To help LDC/GDC

Simen Kjaeraas simen.kjaras at gmail.com
Tue Apr 9 09:08:52 PDT 2013


On 2013-04-09, 17:11, Dicebot wrote:

> On Tuesday, 9 April 2013 at 14:50:58 UTC, Simen Kjærås wrote:
>> On Tue, 09 Apr 2013 16:15:40 +0200, Dicebot <m.strashun at gmail.com>  
>> wrote:
>>
>>> On Tuesday, 9 April 2013 at 14:06:31 UTC, Pelle Månsson wrote:
>>>> shouldn't be strongly pure (as it can access mutable non local state).
>>>
>>> I was under impression that pure is about verifying what function  
>>> actually does, not what it probably can.
>>
>> It's based purely on function signature, so we're dealing with possibles
>> in many cases.
>
> You got me lost here again.
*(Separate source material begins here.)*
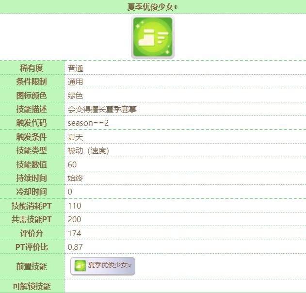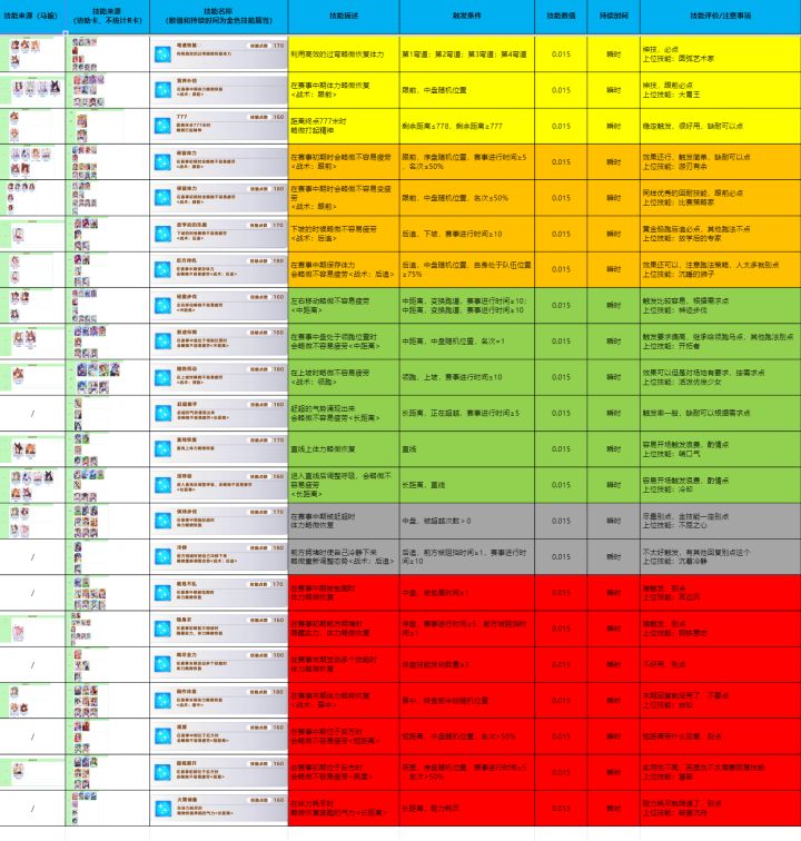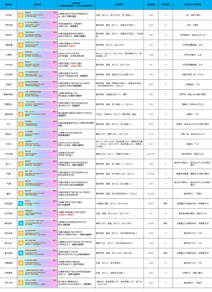 RT。技能评价是以大赛的角度评估的,个人理解,如有不同意见勿喷。妨害技能只推荐<吞噬速度><吞噬体力>,其他不做评价;被动技能均为单圈增加属性40,双圈属性增加60。下面以单圈为例顺逆时针、四季:+40速度赛场擅长:+40耐力场地状态擅长:+40力量天气擅长:+40毅力跑法擅长:+40智力,5视野范围另外,国服萌新交流群收人啦,萌新或者大佬都欢迎,群里氛围很好,每周群内还会举办
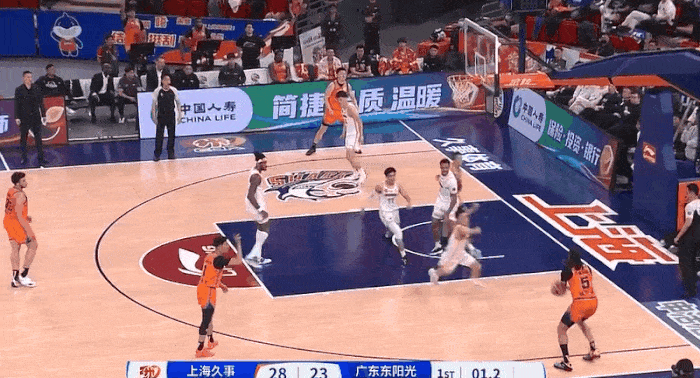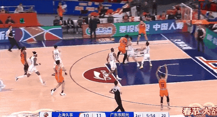 要花了?刘铮底角空位接球三分再中,上海领先19分打停广东

Definition of pure in dlang.org says: "To  
> that end, a pure function:
>
> * does not read or write any global or static mutable state
> * cannot call functions that are not pure
> * can override an impure function, but an impure function cannot  
> override a pure one
> * is covariant with an impure function
> * cannot perform I/O"
>
> It is all about behavior, not function signature. And function that  
> takes ref parameter and does not read/write it is pure by this list.

Indeed. The definition should be updated then, because it's the signature
that counts. Consider:

int[] foo(int* p) pure;

Given only this prototype, we can know that the function is weakly pure.
If a function body was required, we would know nothing more, are we to
assume it is strongly pure because no mutation is evident?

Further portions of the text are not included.